**Records provided**:
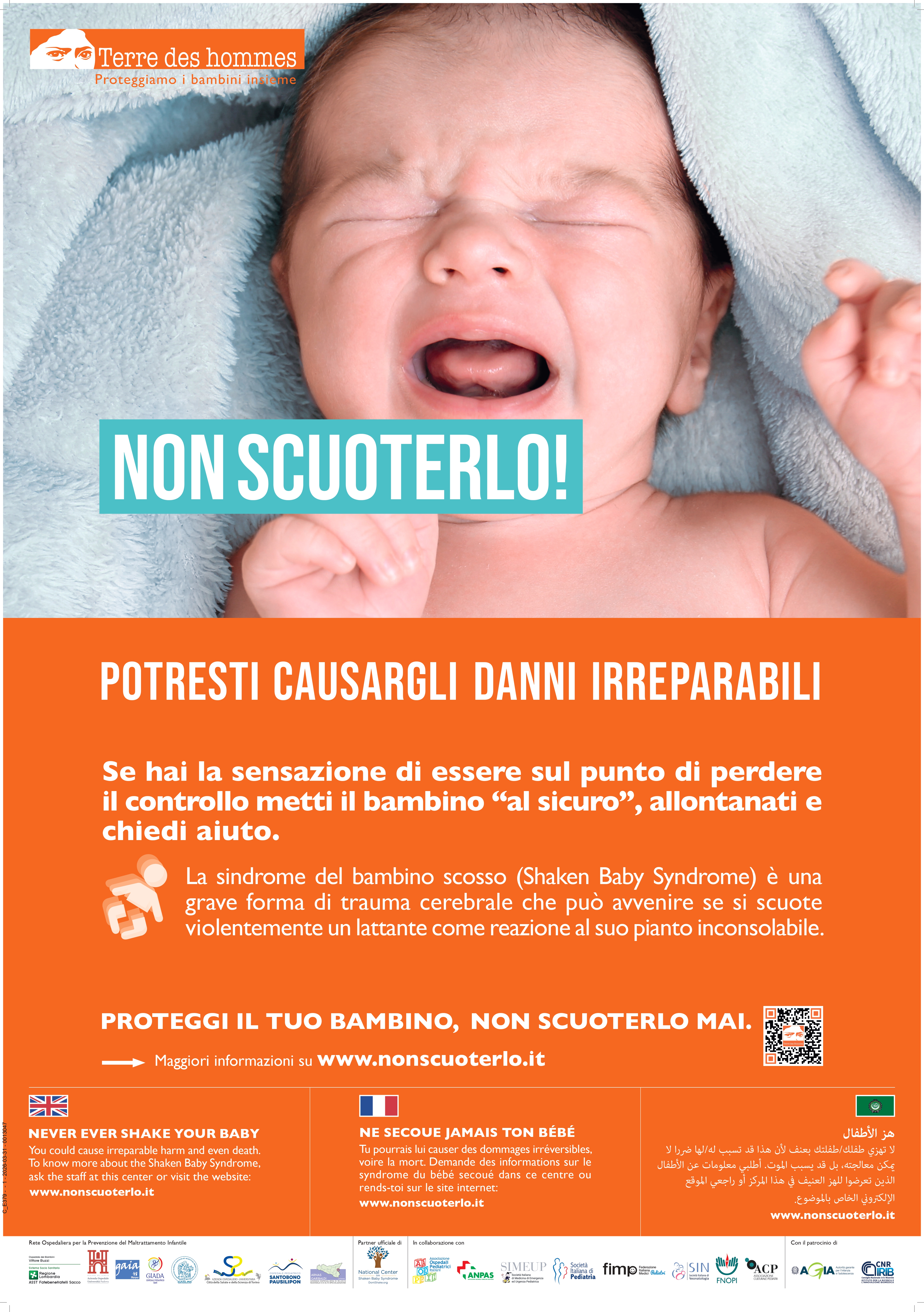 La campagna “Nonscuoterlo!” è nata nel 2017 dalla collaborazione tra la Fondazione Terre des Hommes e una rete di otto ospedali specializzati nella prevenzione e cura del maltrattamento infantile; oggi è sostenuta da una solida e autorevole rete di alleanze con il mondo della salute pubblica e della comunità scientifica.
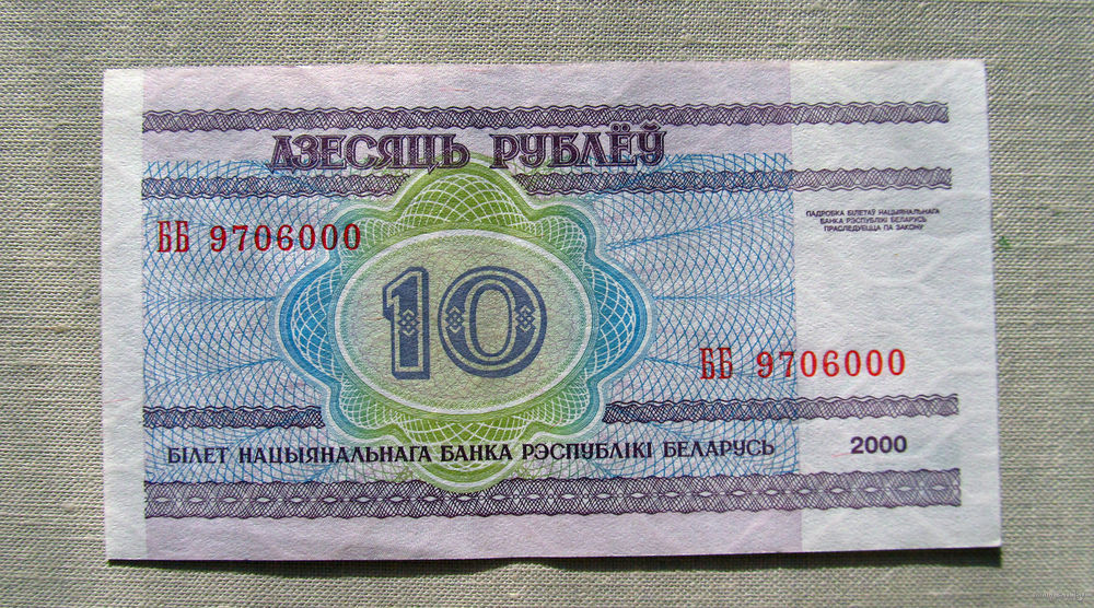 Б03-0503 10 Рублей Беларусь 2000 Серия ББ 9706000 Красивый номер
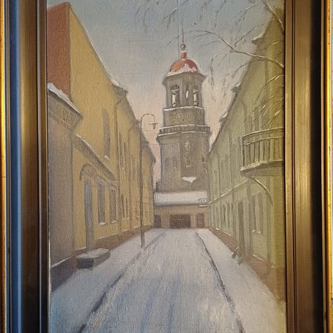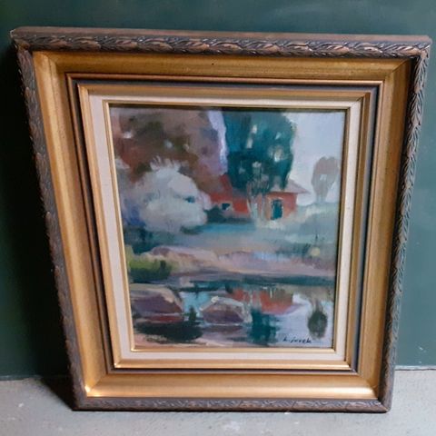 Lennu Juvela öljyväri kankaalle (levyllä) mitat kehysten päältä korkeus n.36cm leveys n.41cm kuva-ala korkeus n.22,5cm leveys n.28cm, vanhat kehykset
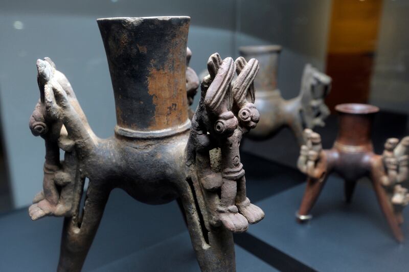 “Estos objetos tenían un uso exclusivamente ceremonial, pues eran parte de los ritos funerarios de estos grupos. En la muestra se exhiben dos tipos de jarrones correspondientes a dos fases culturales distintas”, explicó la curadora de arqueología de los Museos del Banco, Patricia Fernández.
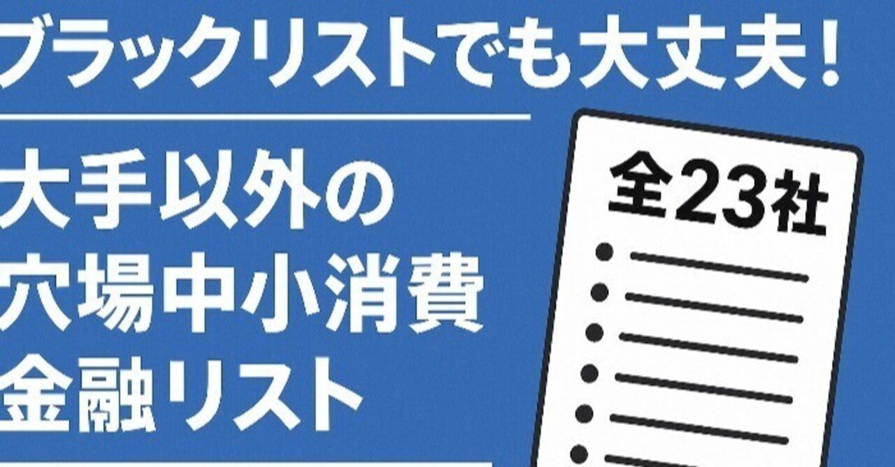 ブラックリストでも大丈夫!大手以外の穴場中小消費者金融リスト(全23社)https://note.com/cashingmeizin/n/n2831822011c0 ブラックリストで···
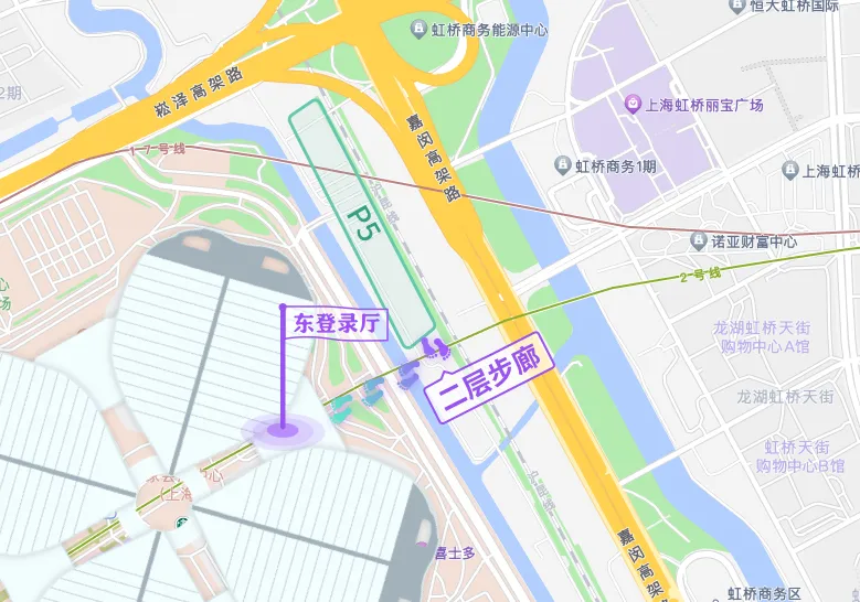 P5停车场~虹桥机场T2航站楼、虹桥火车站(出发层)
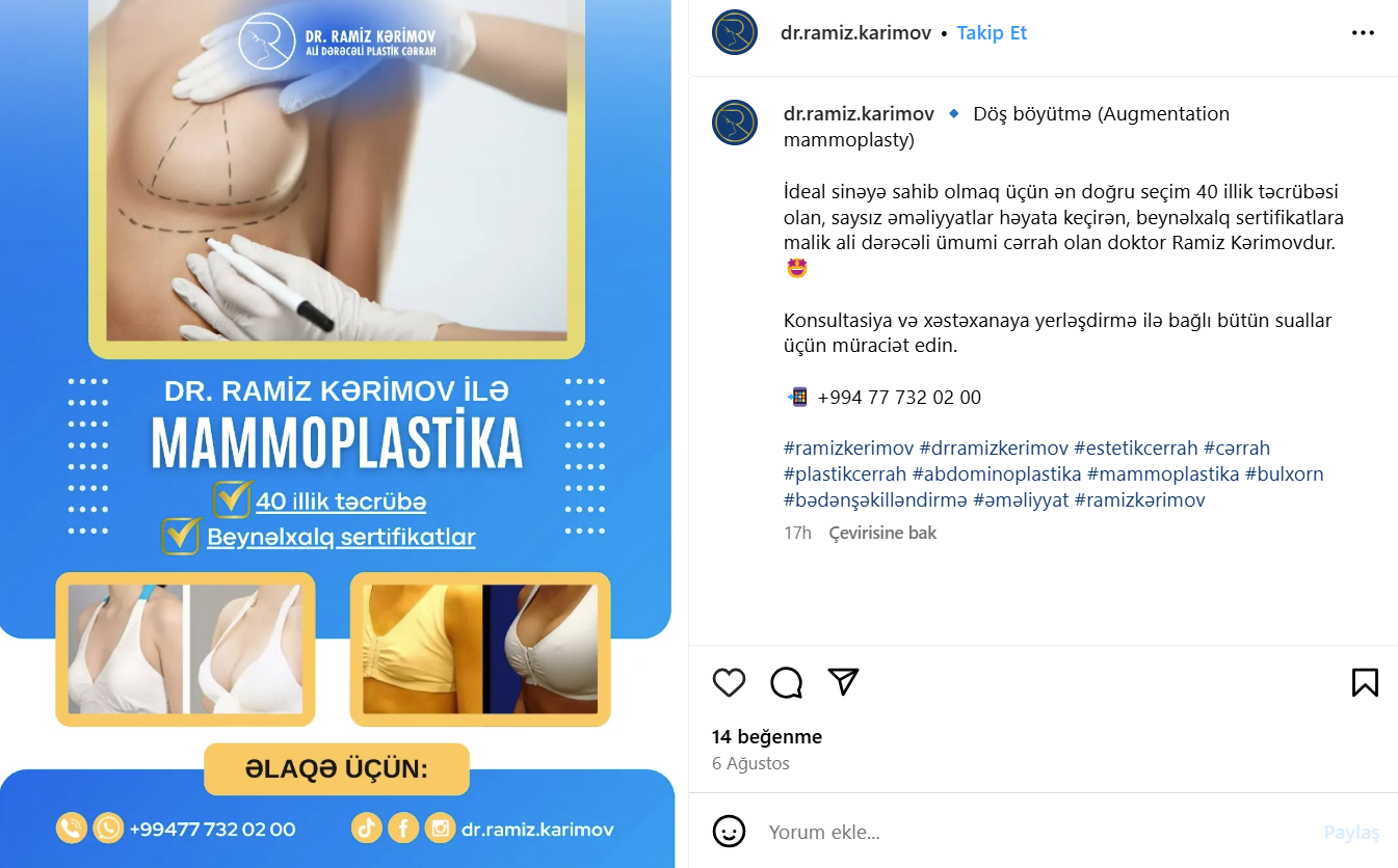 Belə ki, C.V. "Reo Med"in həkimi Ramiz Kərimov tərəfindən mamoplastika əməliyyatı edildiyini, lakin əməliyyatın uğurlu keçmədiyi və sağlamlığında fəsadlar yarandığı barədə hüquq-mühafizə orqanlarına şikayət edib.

**About this exercise**: Retype each line of the data exactly, beginning with the first; include the line containing "ブラックリストでも大丈夫!大" and stop there, skipping every picture.

**Solution to this exercise**:
 La campagna “Nonscuoterlo!” è nata nel 2017 dalla collaborazione tra la Fondazione Terre des Hommes e una rete di otto ospedali specializzati nella prevenzione e cura del maltrattamento infantile; oggi è sostenuta da una solida e autorevole rete di alleanze con il mondo della salute pubblica e della comunità scientifica.
 Б03-0503 10 Рублей Беларусь 2000 Серия ББ 9706000 Красивый номер
 Lennu Juvela öljyväri kankaalle (levyllä) mitat kehysten päältä korkeus n.36cm leveys n.41cm kuva-ala korkeus n.22,5cm leveys n.28cm, vanhat kehykset
 “Estos objetos tenían un uso exclusivamente ceremonial, pues eran parte de los ritos funerarios de estos grupos. En la muestra se exhiben dos tipos de jarrones correspondientes a dos fases culturales distintas”, explicó la curadora de arqueología de los Museos del Banco, Patricia Fernández.
 ブラックリストでも大丈夫!大手以外の穴場中小消費者金融リスト(全23社)https://note.com/cashingmeizin/n/n2831822011c0 ブラックリストで···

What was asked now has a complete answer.